YOUR TASK
Return the lines of the data below starting at the one holding "值得注意的是,主要黄金概念股" and ending at the one holding "With white suite, mains shower in cubicle.", word for word, leaving every picture out.

[RECORDS FOR THE EXERCISE Boundary: Start]

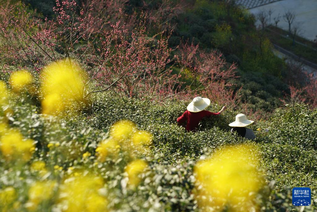 3月25日,紫阳县城关镇塘么子沟村茶农在茶园采茶。
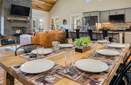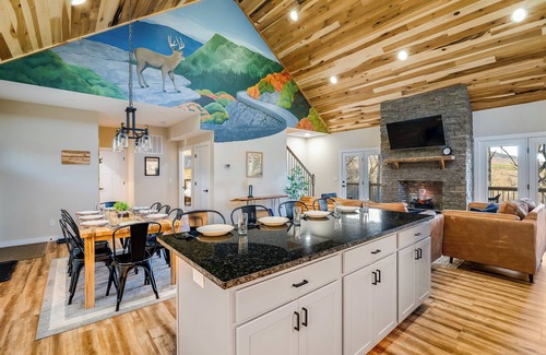 Poplar Skies, a new custom-built retreat located in Massanutten. Breathtaking mountain views and only minutes away from ski & hiking adventures. Locally sourced poplar wood gives it a rustic & cozy charm. Unwind in the covered hot tub or gather around a fire table for cozy evenings with friends or family. Inside, entertainment abounds with a pool table and classic arcade games. A striking one-of-a-kind mural uniquely celebrates the region's beauty. Poplar Skies offers an unforgettable escape.
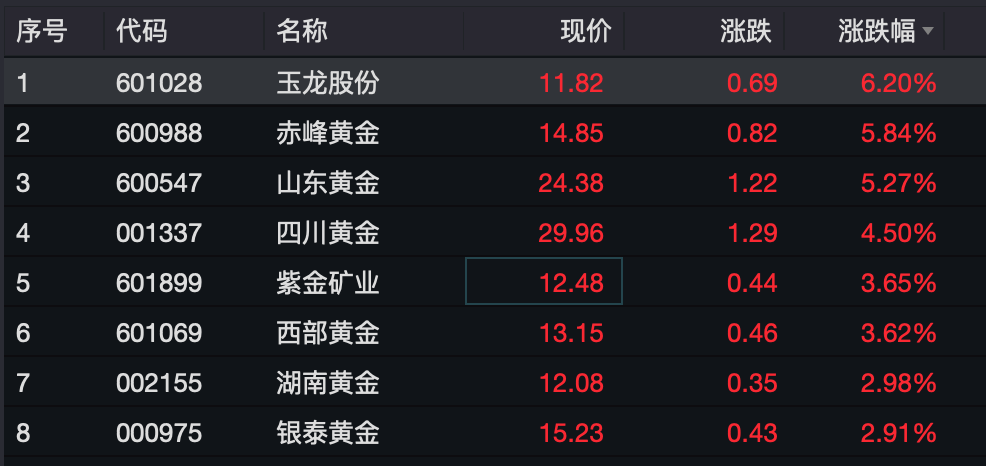 值得注意的是,主要黄金概念股4日盘中明显拉升走高,截至发稿,玉龙股份涨超6%,赤峰黄金、山东黄金涨约5%,四川黄金涨超4%,紫金矿业、西部黄金等涨逾3%。
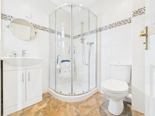 With white suite, mains shower in cubicle.
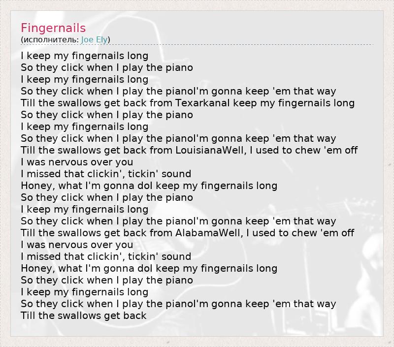 I keep my fingernails long So they click when I play the piano I keep my fingernails long So they click when I play the pianoI'm gonna keep 'em that way Till the swallows get back from TexarkanaI keep my fingernails long So they click when I play the piano I keep my fingernails long So they click when I play the pianoI'm gonna keep 'em that way Till the swallows get back from LouisianaWell, I used to chew 'em off I was nervous over you I missed that clickin', tickin' sound Honey, what I'm gonna doI keep my fingernails long So they click when I play the piano I keep my fingernails long So they click when I play the pianoI'm gonna keep 'em that way Till the swallows get back from AlabamaWell, I used to chew 'em off I was nervous over you I missed that clickin', tickin' sound Honey, what I'm gonna doI keep my fingernails long So they click when I play the piano I keep my fingernails long So they click when I play the pianoI'm gonna keep 'em that way Till the swallows get back
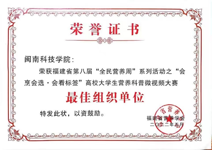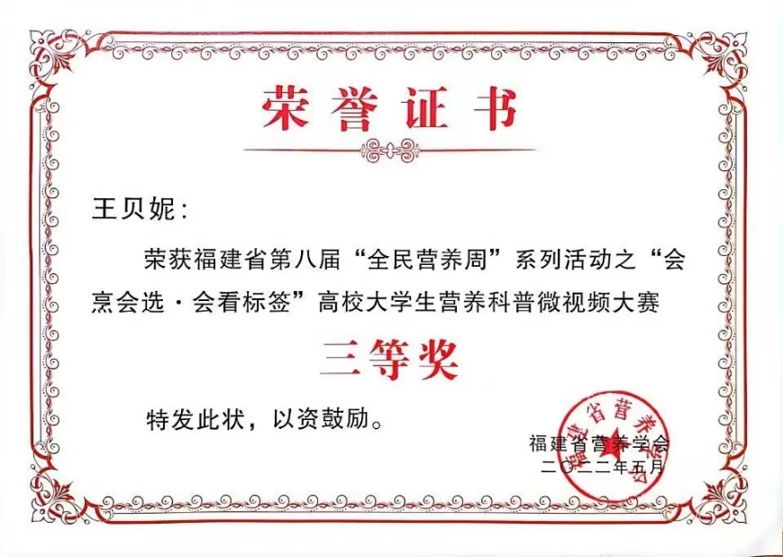 日前,福建省第八届全民营养周之“会烹会选·会看标签”高校大学生营养科普微视频大赛公布获奖名单,爱体育网(中国)荣获“最佳组织单位”称号,生命科学与化学学院2021级食品科学与工程专业王贝妮创作的微视频荣获三等奖。
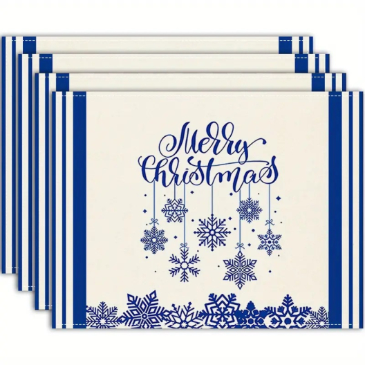 Съчетайте практичност и елегантност с комплекта от 4 броя коледни подложки за маса в дизайн „Весела Коледа“! Тези подложки са създадени, за да донесат свежест и красота на вашата маса, като в същото време я предпазват от ежедневни следи и петна. Подходящи както за празнични събирания, така и за ежедневна употреба, тези подложки ще направят всеки повод специален.
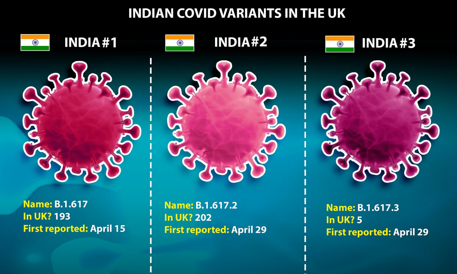 Графика на трите индийски ковид варианта на вируса, засечени във Великобритания.
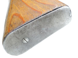 本品の機関部や銃身といった金属部については、やや打ち傷や擦れ、経年による褪色や若干の表面錆痕が見られるものの、目立った欠損等は見られず、オリジナルのブルー仕上げも比較的残っています。 木製の銃床についても、やや打ち傷や線傷等が見受けられますが、現状目立った破損や欠損等は見られず、各部の取り付けもがたつきもなくしっかりとしています。 フロント・バンド付近の銃床左側面に木部表面が僅かに削れている箇所が見られますが、大きく外観を損ねるものではありません。 傷み易いバット・プレートについては、やや打ち傷や擦れ、表面錆痕が見られますが、大きな変形などは見られず、銃床への取り付けもがたつきもなくしっかりとしています。 リア・サイトの調整については問題なく行う事が可能です。 弾倉内にはフォロワー及びスプリングが入っています。 フロント・サイトにはサイト・フードが取り付けられています。 クリーニング・ロッドは付属致しません。

[RECORDS FOR THE EXERCISE Boundary: End]

SOLUTION FOR THIS EXERCISE
 值得注意的是,主要黄金概念股4日盘中明显拉升走高,截至发稿,玉龙股份涨超6%,赤峰黄金、山东黄金涨约5%,四川黄金涨超4%,紫金矿业、西部黄金等涨逾3%。
 With white suite, mains shower in cubicle.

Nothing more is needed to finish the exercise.